Valentim serviu uma tigela de sopa de galinha para Bruna e a colocou na frente dela.
— Maninha, já terminamos nossos negócios na Capital. Despeça-se bem de seus amigos na Capital. Depois de amanhã, raramente viremos à Capital.
Ele disse isso de propósito para que Uriel ouvisse.
Bruna agora era a princesinha da família Moraes, não alguém que ele pudesse seduzir facilmente.
Enzo, que estava comendo melão ao lado, finalmente não aguentou mais e olhou para Bruna.
— Você é realmente a filha mais nova desaparecida da família Moraes?
Bruna assentiu.
Enzo continuou a perguntar: — Você vai deixar a Capital amanhã?
Bruna assentiu novamente.
Enzo largou os talheres, a expressão um pouco magoada enquanto olhava para Bruna.

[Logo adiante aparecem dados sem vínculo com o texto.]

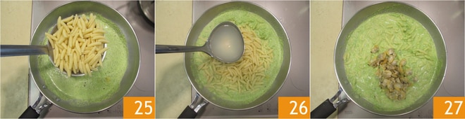 Assim que subirem à superfície, escorra os gnocchetti na frigideira 25, ajuste a consistência com mais um pouco da água de cozimento e finalize o cozimento 26. Desligue e adicione também as amêijoas 27.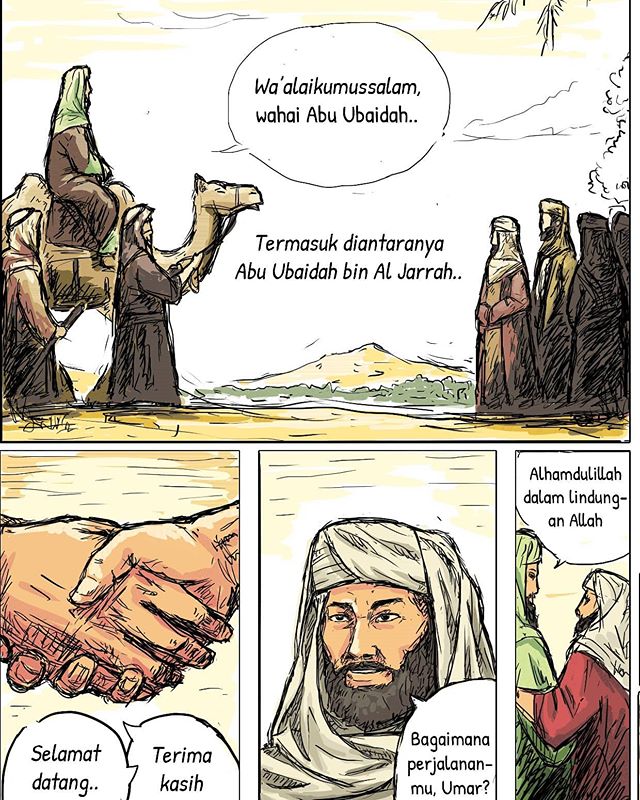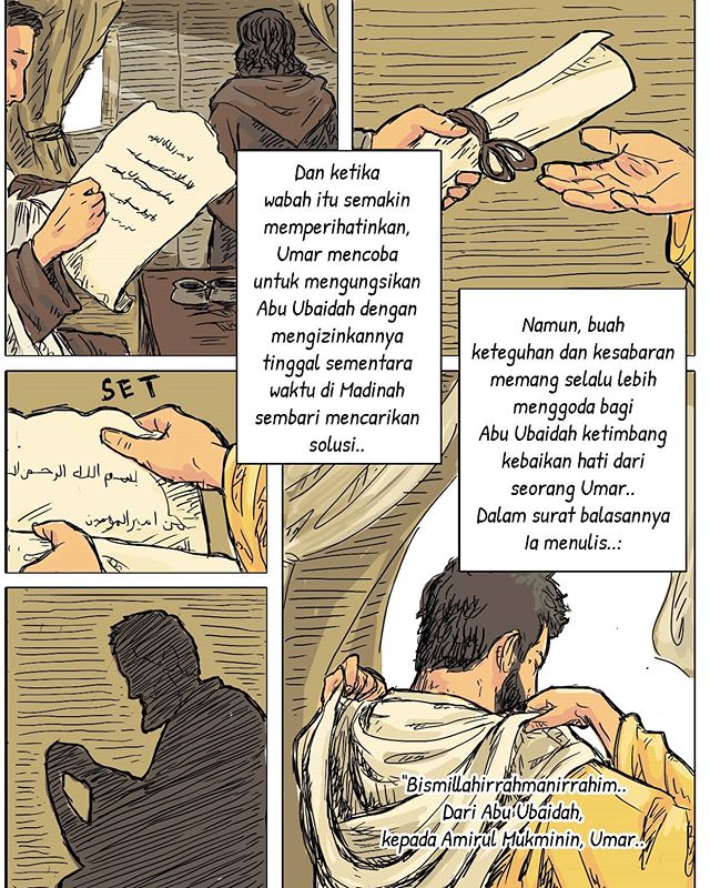 Lihatlah Abu Ubaidah, bagaimana ia memberi kita contoh dalam menghadapi kondisi sesulit apapun. Ia membuktikan pada kita bahwa keteguhan & kesabaran itu bagaikan sebuah emas dalam diri seseorang. Jika kalian menemukannya, maka jangan pernah menukarnya dengan apapun.~

— Srta. Ramos, nos conhecemos há tanto tempo, podemos ser considerados amigos, certo? Por que você não me disse que ia embora?
— Ainda não tive tempo.
Enzo apontou para Uriel novamente.
— Então você ainda o levou para um jantar de despedida?
— Que jantar de despedida? Não é como se não fôssemos nos ver novamente.
Bruna franziu a testa e olhou para Enzo.
Enzo, percebendo que havia falado errado, olhou para o rosto sombrio de Uriel e bateu em sua própria boca.
— Tudo bem, tudo bem, eu falei errado.
Ele suspirou levemente e olhou para Bruna, brincando.
— Eu ainda estava esperando você entrar na empresa e se tornar nossa designer-chefe. Não esperava que você fosse embora. O que eu e Uriel faremos?
As palavras de Enzo pareceram trazer à tona a atmosfera de despedida que havia sido ignorada por muito tempo.
Bruna sorriu para Enzo.
— Eu ainda continuarei a cooperar com sua empresa no futuro. Depois que eu abrir meu próprio estúdio, ainda precisarei do patrocínio do Sr. Matos.